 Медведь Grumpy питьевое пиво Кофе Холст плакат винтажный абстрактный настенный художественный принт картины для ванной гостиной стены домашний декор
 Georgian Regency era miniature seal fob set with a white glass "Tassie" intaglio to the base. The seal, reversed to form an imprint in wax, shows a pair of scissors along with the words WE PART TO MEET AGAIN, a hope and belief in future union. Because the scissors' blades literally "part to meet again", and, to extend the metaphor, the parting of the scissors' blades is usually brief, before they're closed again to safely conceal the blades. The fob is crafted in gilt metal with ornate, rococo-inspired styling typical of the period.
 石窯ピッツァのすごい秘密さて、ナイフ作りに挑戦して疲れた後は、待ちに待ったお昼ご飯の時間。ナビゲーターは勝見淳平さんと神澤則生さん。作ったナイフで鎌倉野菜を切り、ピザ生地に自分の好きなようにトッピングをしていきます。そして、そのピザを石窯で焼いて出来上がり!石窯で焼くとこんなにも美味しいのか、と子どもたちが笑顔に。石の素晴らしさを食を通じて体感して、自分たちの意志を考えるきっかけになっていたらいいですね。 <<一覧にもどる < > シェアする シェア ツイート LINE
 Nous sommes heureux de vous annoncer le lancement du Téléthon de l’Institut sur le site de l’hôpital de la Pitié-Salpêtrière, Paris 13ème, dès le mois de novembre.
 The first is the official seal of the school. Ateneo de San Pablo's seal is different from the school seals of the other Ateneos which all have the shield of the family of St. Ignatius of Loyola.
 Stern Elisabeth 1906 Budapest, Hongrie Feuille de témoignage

========

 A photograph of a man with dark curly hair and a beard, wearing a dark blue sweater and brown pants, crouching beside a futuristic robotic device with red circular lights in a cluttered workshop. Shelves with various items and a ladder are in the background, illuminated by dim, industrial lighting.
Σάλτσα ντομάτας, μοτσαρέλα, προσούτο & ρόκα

========

■ **EXERCISE**:
Check each line of the material for the word "with". Copy the ones that have it.

■ **RESPONSE**:
 Georgian Regency era miniature seal fob set with a white glass "Tassie" intaglio to the base. The seal, reversed to form an imprint in wax, shows a pair of scissors along with the words WE PART TO MEET AGAIN, a hope and belief in future union. Because the scissors' blades literally "part to meet again", and, to extend the metaphor, the parting of the scissors' blades is usually brief, before they're closed again to safely conceal the blades. The fob is crafted in gilt metal with ornate, rococo-inspired styling typical of the period.
 A photograph of a man with dark curly hair and a beard, wearing a dark blue sweater and brown pants, crouching beside a futuristic robotic device with red circular lights in a cluttered workshop. Shelves with various items and a ladder are in the background, illuminated by dim, industrial lighting.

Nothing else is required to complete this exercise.